Forum Moderators: open

Message Too Old, No Replies

IIS stripping the "if-modified-since" header(?)

         

waveform

7:30 pm on Jun 17, 2009 (gmt 0)

10+ Year Member



Hi! Need some help with a hairy Googlebot/IIS issue.

I've written a mini-cms for a client, mainly for delivering dynamic PDF documents, which vary somewhat in content depending on who is viewing them.

My approach was to use a custom 404 script, which reads the request, checks user credentials and so delivers the right version document. This also means the links to the PDF files "look right". They don't look like "showmethedoc.aspx?doc=xyz.pdf". It's simply "/docs/doctitle.pdf" and the 404 script does the rest. All fairly straightforward.

As Googlebot crawls the site, I therefore need to check the "if-modified-since" header so my code doesn't keep sending Googlebot the same files when they haven't changed.

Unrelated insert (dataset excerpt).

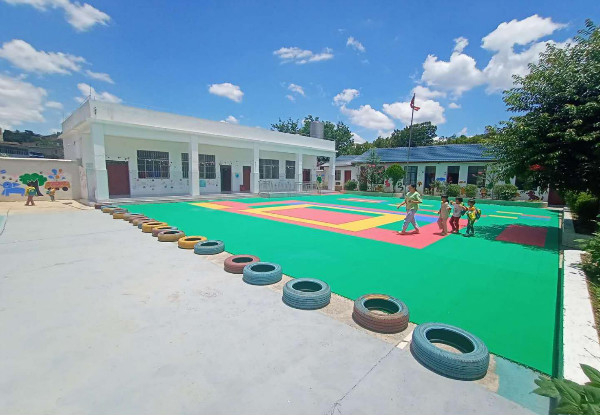 时值暑假,幼儿园里一片宁静。明亮干净的教室里,桌椅焕然一新,板报上还贴着“期末家长会”的字样与五颜六色的卡通贴纸。可以想象当它开学时,崭新的幼儿园里有和蔼可亲的老师,大山里的娃娃们也能在家门口享受到与城里几乎没什么区别的教学和设备,孩子们窗明几净的环境中认真学习,在宽敞平坦的操场上玩耍游戏,在可爱温馨的休息室舒服地午睡……

While testing that, I found a very weird problem. IIS seems to specifically strip off the "if-modified-since" header from the headers collection. It doesn't matter if I use ASP.NET, PHP or classic ASP.

If I call the script directly, no problem - the header is there. But during IIS's handling of a 404 error document, it seems to "eat" that header before passing control to the script.

What's more bizarre is that if I add, say, ".aspx" to the end of my non-existent link (eg. /docs/doctitle.aspx), suddenly the header reappears in the collection! It seems to only disappear if both the following are true: a) the script is a 404 (or other) error document, and b) the requested file is something other than .asp or .aspx.

This has been driving me nuts for the past 2 days. Anyone have an idea how I can get access to the "if-modified-since" header from a 404 script?

marcel

7:01 am on Jun 18, 2009 (gmt 0)

WebmasterWorld Senior Member 10+ Year Member



Hi waveform,

It looks like what you need is not possible, here is a discussion on the subject:
[eggheadcafe.com...]

I'm not really a fan of using 404 handling for something other than its intended use, preferring to leave it for what it is.

Which technology are you using (ASP, ASP.Net ...)? There is most likely a neater way to achieve what you need.

waveform

10:18 am on Jun 18, 2009 (gmt 0)

10+ Year Member



Hi Marcel. Thanks for the link, I don't feel so alone now. :)

Using .NET, and even tried a httpModule but the header is eaten by IIS before it gets there too. I found, however, that if I'm handling a 404 request for an .aspx file, the header IS passed along! It only gets eaten when the request is for other types of files; doc, pdf, etc.

So I'm toying with this idea: Detect when a crawler is making the request (via user-agent) and, if so, send back a 302 (temp redirect) to a url like this:

/showdoc.aspx?doc=/somepath/mydoco.pdf

This way, IIS passes the if-modified-since header to showdoc.aspx and it's no problem to work out whether to respond with the file or a 304 Not Modified. Normal site visitors can still use the "friendly" URL.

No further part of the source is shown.